И парень выскочил из комнаты. Нина осталась сидеть на диване, удивленная, как простой парень, сумел высказать то, что казалось теперь таким очевидным.
«Свитер-то уже грязный, поношенный, да джинсы требуют стирки. И кстати, — продолжала рассуждать Нина, медленно ковыляя в ванную — почему это его дочка живет у сестры? А что жена, тоже где-то на заработках, или… Господи, мне-то какая разница!». Нина, разозлившись на свое хмурое отражение в зеркале, принялась усердно чистить зубы. Но сердце почему-то забилось чаще…
Глава VII. Славка
Славка, перепрыгивая через три ступеньки, спускался по лестнице, в душе ругая себя за чрезмерную откровенность с почти незнакомым человеком.
«И чего разболтался попусту? Кому я нужен со своими нравоучениями?
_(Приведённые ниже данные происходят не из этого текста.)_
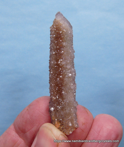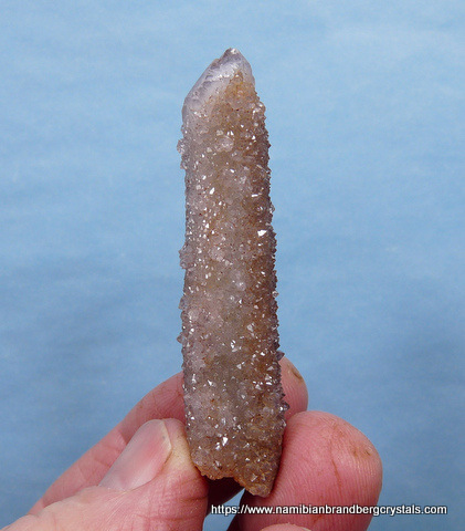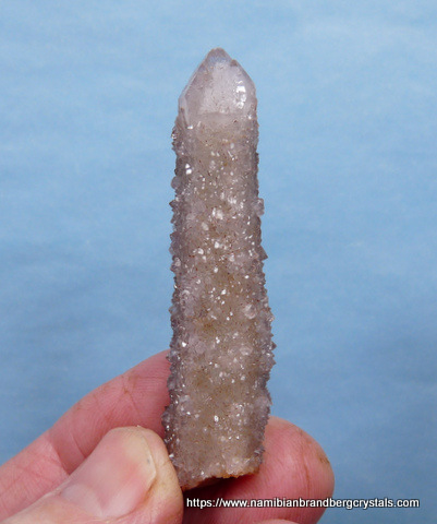 Description: A slender cactus quartz crystal. The termination point has only a small nick, while the rest of the crystal has no notable damage. Weight

Тут бы в своих делах разобраться, а я туда же, советы раздаю направо и налево!».
Сердце у сантехника противно ёкнуло, вот, опять забыл вчера позвонить Анельке, а она девочка чувствительная, чуть что — в слёзы. Сестра в последний раз жаловалась, что дочка стала по утрам плакать, в детский садик идти не хочет, да и ночью иногда слышит, как та во сне мать зовет. Мать… Славка грязно выругался про себя. Кто ж мог подумать, что жизнь так обернется? А ведь хотели, как лучше.
После зажигательной весёлой свадьбы, от которой несколько дней гудело небольшое закарпатское село, всего и прожили они вместе с красавицей-певуньей женой два года. Утром вставали на зорьке, Аурика шла доить Маньку, своенравную корову, молоко которой было вкуснее всех кока-кол и спрайтов на свете. Потом они завтракали, смеясь и шутя, не сводя влюбленных глаз друг с друга, и ещё долго не могли распрощаться перед уходом на работу. Вячеслав проводил почти целый день в гараже, где вкалывал до седьмого пота механиком, а Аури принимала смену в местной продуктовой лавочке.
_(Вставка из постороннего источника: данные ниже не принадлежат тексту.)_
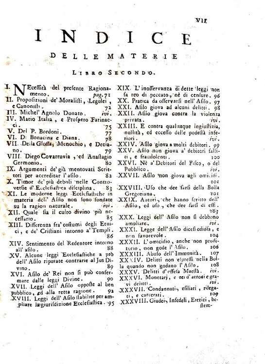 Cm. 24, pp. viii, 119 (1). Bellissima vignetta incisa in rame al frontespizio; testatine e bei finalini xilografici. Legatura strettamente coeva in cartonato alla rustica con nervi passanti e titoli manoscritti al dorso. Minimi segni del tempo alla legatura, arrossature/fioriture sparse, strappetto (che non interessa il testo) all'angolo alto dell'ultima carta, peraltro nel complesso buon esemplare, ancora in barbe. Francesco d'Aguirre (1682-1753), intellettuale e giurista originario di Salemi, fu tra i principali artefici della riforma e modernizzazione dell'Università di Torino, tanto che il suo schema operativo fu utilizzato da Napoleone per la riforma della Sorbona di parigi. Questo interessantissimo trattato sul diritto d'asilo fu pubblicato postumo grazie alle cure del giurista fiorentino Pompeo Neri (1706-1776), considerato tra i principali artefici delle politiche riformiste degli Asburgo-Lorena, sovrani del Granducato di Toscana. Rara prima edizione. Cfr. Iccu; Edizioni giuridiche antiche in lingua italiana, II,2, p. 621; Melzi, I, 311; Parenti, p. 89; Venturi, II, p. 107.

По вечерам, они долго сидели в саду в беседке, увитой виноградной лозой, пили чай с душистым смородиновым вареньем, слушали пение птиц и, обнявшись, не могли надышаться воздухом, пропитанным запахом цветущими яблонь и вишен. В один из таких вечеров Аурика на ушко шепнула ему секретную новость, от которой Славка сначала подпрыгнул почти до навеса беседки, а потом схватил жену, и долго кружил её среди цветущих деревьев, ставших невольными свидетелями их счастья.
Девяностые годы уверенно вступали в свои права. После развала Союза, постепенно село приходило в упадок, стали разоряться колхозы и кооперативные хозяйства. Вячеслав с другом попытались стать фермерами, выращивать птиц, но очень скоро прогорели: уж больно дорогая была техника и корма. И только бабушка Стеша, к которой частенько наведывались молодые за советом, занять денег или просто чайку попить, не унывала, она постоянно что-то мурлыкала себе под нос, готовила нехитрую еду для всей семьи, и говорила, что все эти трудности временные, главное, чтобы вся семья была рядом, чтобы они любили друг друга.
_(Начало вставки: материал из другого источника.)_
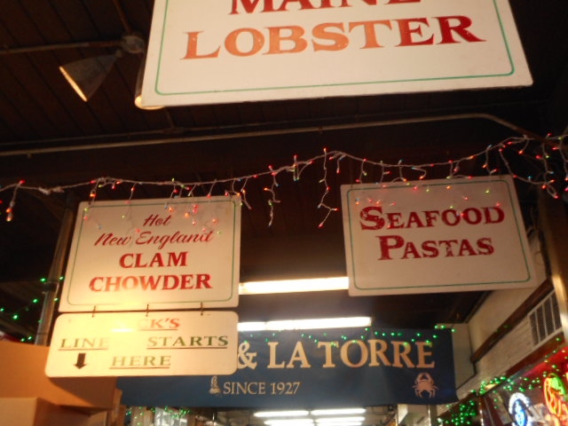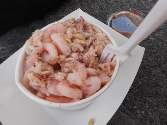 フィシャーマンズワーズの食堂街が並んで或る屋台でも茹でたての蟹やイカなどを食べられます。室内もありますし、屋台ですと立って食べますが、浜風に吹かれて、カモメも寄ってきます。この飲食通りは気軽に食べられて、大勢の観光客で混みあうエリアです。

В положенный срок Аурика родила дочь, которая росла на радость родителям бойкой и смышленой девчушкой. Но радость была омрачена тем, что совсем стало невмоготу жить в деревне, работы не было, и, хотя хозяйство, дом бросать не хотелось, было решено попытать счастья вдали от родины. Анелю решено было оставить у бабы Стеши, которая с радостью взяла на себя роль няньки, да и малышка её любила, кажется, даже больше матери, которую почти не видела.
Вячеслав с товарищами организовали бригаду строителей, которая занималась ремонтом дач в Подмосковье, а Аурика, поддавшись на уговоры подружки, подалась в далекую Италию, работать официанткой. Думалось, что ненадолго, хотели поработать годик-другой, денежек подкопить и открыть в ближайшем районном городке свой магазинчик, где продавали бы всякую всячину. Но жизнь распорядилась иначе.
Аурика перестала отвечать на звонки и письма где-то через полгода. Позже, от её родителей Вячеслав узнал, что она сошлась с каким-то богатым сербом и уехала к нему на родину. Сначала она исправно высылала бабе Стеше деньги для Анельки, а потом перестала. Поговаривали, что у неё родился сын от нового сожителя, и ей стало не до прежней семьи. Вячеслав сначала не верил, что его обожаемая Аури могла предать их любовь, а тем более бросить дочь, в которой души не чаяла. Но пришлось поверить.
Парень просто почернел от горя, поначалу запил вместе с такими же безработными дружками, как и он сам. Но тут вмешалась баба Стеша, она пару раз вмазала ему промеж глаз, когда он почти приползал домой после очередных посиделок с собутыльниками. А по утрам вкрадчивым тихим голосом заводила с ним беседы и звала сходить хоть разок в церковь, помолиться за свою непутёвую жену, простить её, да и выкинуть прочь из головы. Неизвестно, чем бы это закончилось, а только заболела бабка Стеша всерьёз, пришлось Вячеславу за ней приглядывать. Тут он волей-неволей забыл все свои беды-несчастья, надо было как-то содержать дочь и бабушку.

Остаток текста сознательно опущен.